Work order:
The first line of the entries and each line after it, through the one that contains "河北省保定市四县六校2025", are to be duplicated exactly; no picture belongs in the copy.

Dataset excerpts
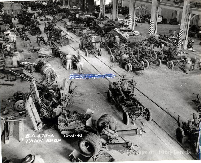 Photo from the Josephine Cowell research material. Shows the tank shop. Anti-aircraft machine guns in the foreground and Sherman tank bodies in the background. I the left foreground some AA guns are being broken apart for scrap or cannibalization.Collection
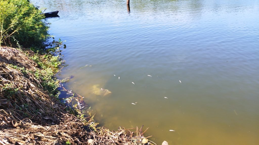 A foto registrada na Rua Beira Rio mostra peixes mortos boiando, lixo e uma camada de aguapés sobre a água. Pescadores e ribeirinhos denunciam que os aguapés já ocupam cerca de 2 km do rio, prejudicando quem vive da pesca.
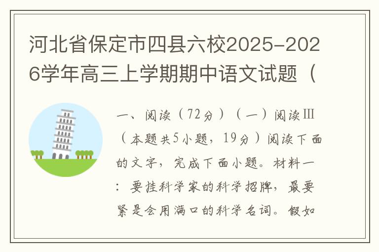 河北省保定市四县六校2025-2026学年高三上学期期中语文试题(word试题+答案解析)
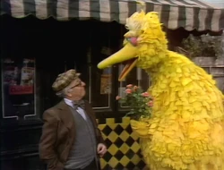 SCENE 5 | Big Bird enjoys the roses he just bought, but he encounters Mr. Hooper closing the store because his sister is in the hospital again. He gives Mr. Hooper a couple of flowers out of sympathy, then he gives several to Gordon who feels angry after having an argument with Susan. He gives the last one to Todd as Bob bandages up his scraped elbow. Even though he doesn’t have any more flowers, Big Bird finds that he feels happier than when he bought them. |
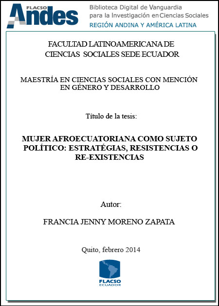 Moreno Zapata, Francia Jenny. 2014. Mujer afroecuatoriana como sujeto político: Estrategias, resistencias o re-existencias. Tesis de maestría, FLACSO Sede Ecuador.

Response:
 Photo from the Josephine Cowell research material. Shows the tank shop. Anti-aircraft machine guns in the foreground and Sherman tank bodies in the background. I the left foreground some AA guns are being broken apart for scrap or cannibalization.Collection
 A foto registrada na Rua Beira Rio mostra peixes mortos boiando, lixo e uma camada de aguapés sobre a água. Pescadores e ribeirinhos denunciam que os aguapés já ocupam cerca de 2 km do rio, prejudicando quem vive da pesca.
 河北省保定市四县六校2025-2026学年高三上学期期中语文试题(word试题+答案解析)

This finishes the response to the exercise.